» **Your goal**
Please return, exactly and only, the lines beginning at the top of the entries below and ending with the line containing "Dadu Fresh Cranberry"; keep out the pictures.

» **Exercise inputs**
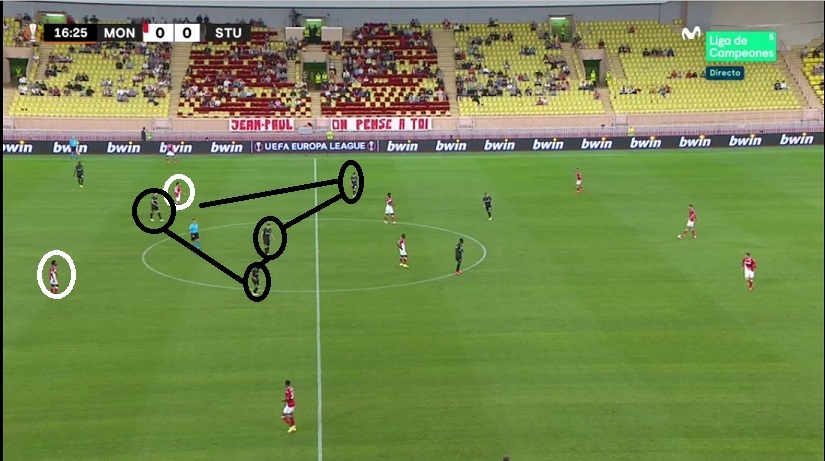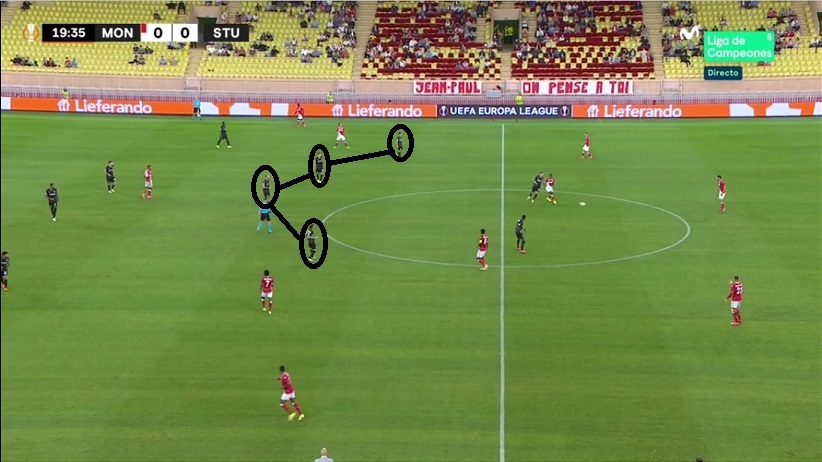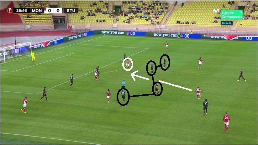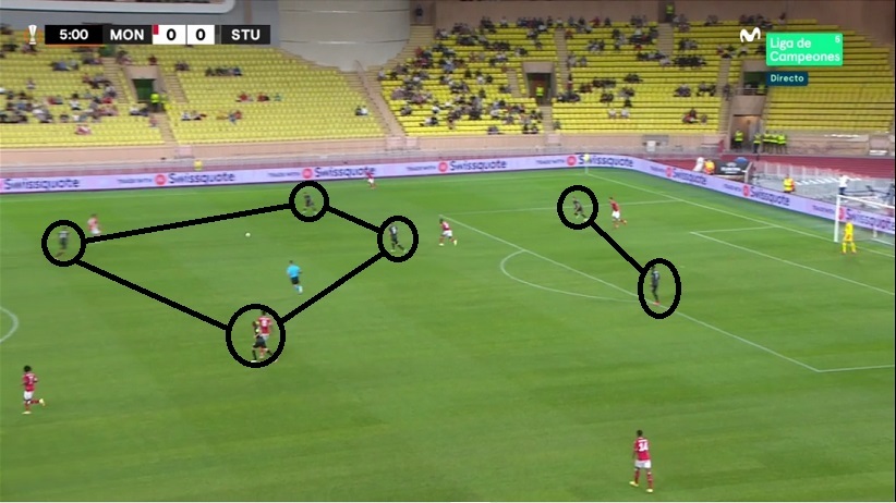 Pero los rivales de la liguilla le están llevando a cambiar sobre la marcha. El Mónaco recurrió a su habitual 3-4-2-1 e hizo daño al Sturm ubicando a Gelson y a Volland a los costados del pivote Stankovic...
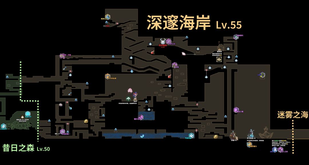 很简单的地图,没什么好说的,捞完回昔日之森,探索昔日之森右边半截的地图,在从昔日之森右边进入深邃海岸,记得从深邃海岸回昔日之森,捞捞那只老乌龟
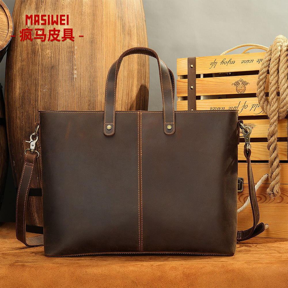 新型クレイジーホースレザー メンズ ハンドバッグ 高級感 メンズ シンプル ハンドバッグ ビジネス 通勤 パソコンバッグ
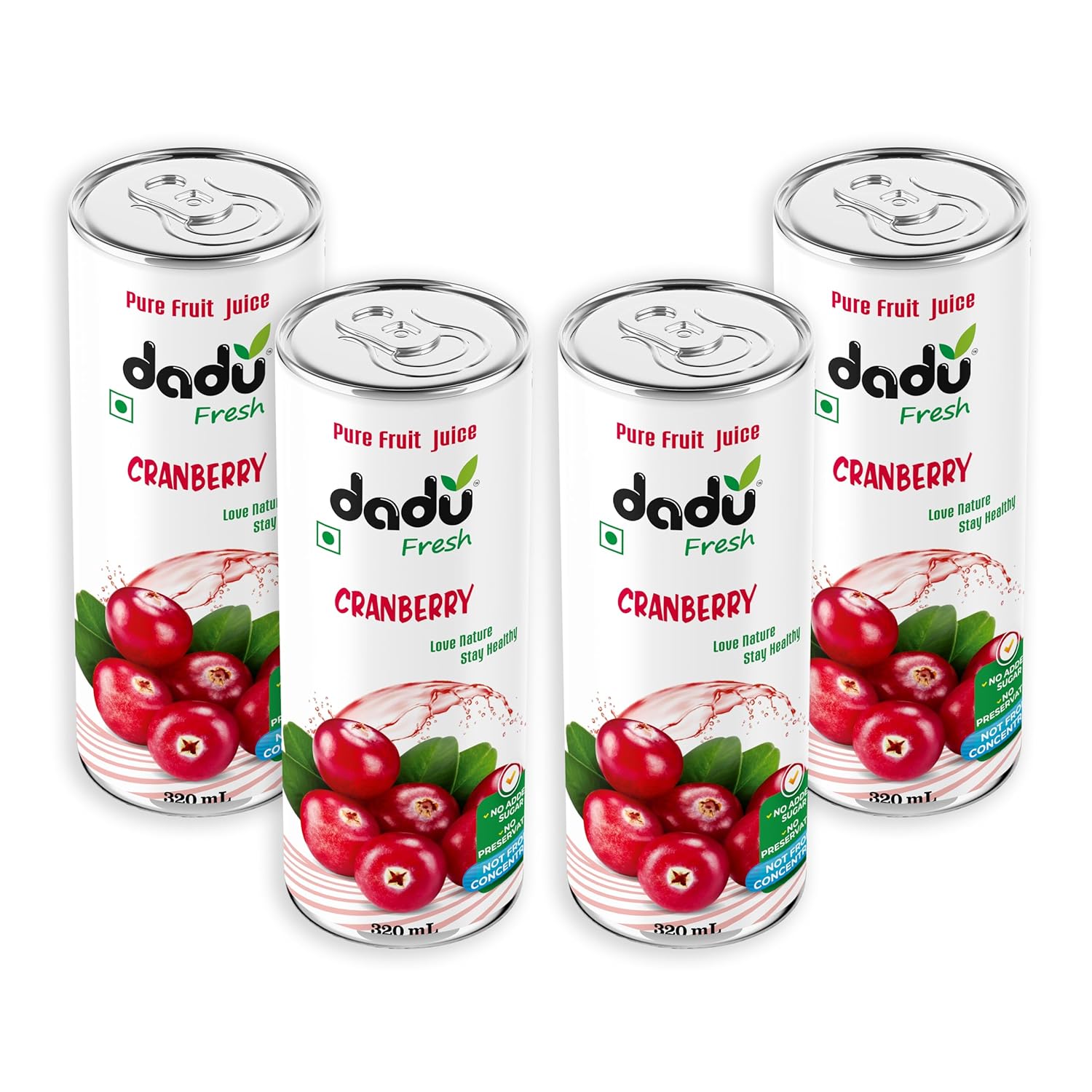 Dadu Fresh Cranberry Juice | Pure Natural Fruit Healthy Beverage | Not from Concentrate, No Added Sugar, No Preservatives or Artificial Flavours | Vitamin Rich & Naturally Refreshing | 4 Cans x 320ml (1280ml)
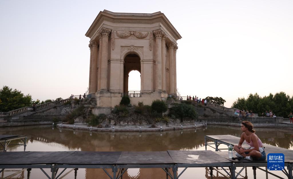 这是法国蒙彼利埃佩鲁皇广场上的水塔(7月17日摄)。
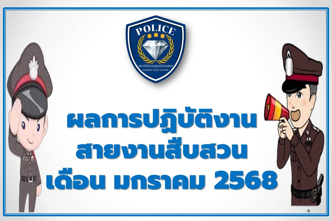 ผลการปฏิบัติที่ 1 วันที่ 31 มกราคม 2568 งานสืบสวน สภ.บ้านเพชร รายงานผลการปฏิบัติงาน ประจำเดือน มกร
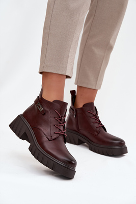Low Insulated Women's Ankle Boots on Block Heel with Decorative Strap Bordeaux Therisse

» **Answer section**
 Pero los rivales de la liguilla le están llevando a cambiar sobre la marcha. El Mónaco recurrió a su habitual 3-4-2-1 e hizo daño al Sturm ubicando a Gelson y a Volland a los costados del pivote Stankovic...
 很简单的地图,没什么好说的,捞完回昔日之森,探索昔日之森右边半截的地图,在从昔日之森右边进入深邃海岸,记得从深邃海岸回昔日之森,捞捞那只老乌龟
 新型クレイジーホースレザー メンズ ハンドバッグ 高級感 メンズ シンプル ハンドバッグ ビジネス 通勤 パソコンバッグ
 Dadu Fresh Cranberry Juice | Pure Natural Fruit Healthy Beverage | Not from Concentrate, No Added Sugar, No Preservatives or Artificial Flavours | Vitamin Rich & Naturally Refreshing | 4 Cans x 320ml (1280ml)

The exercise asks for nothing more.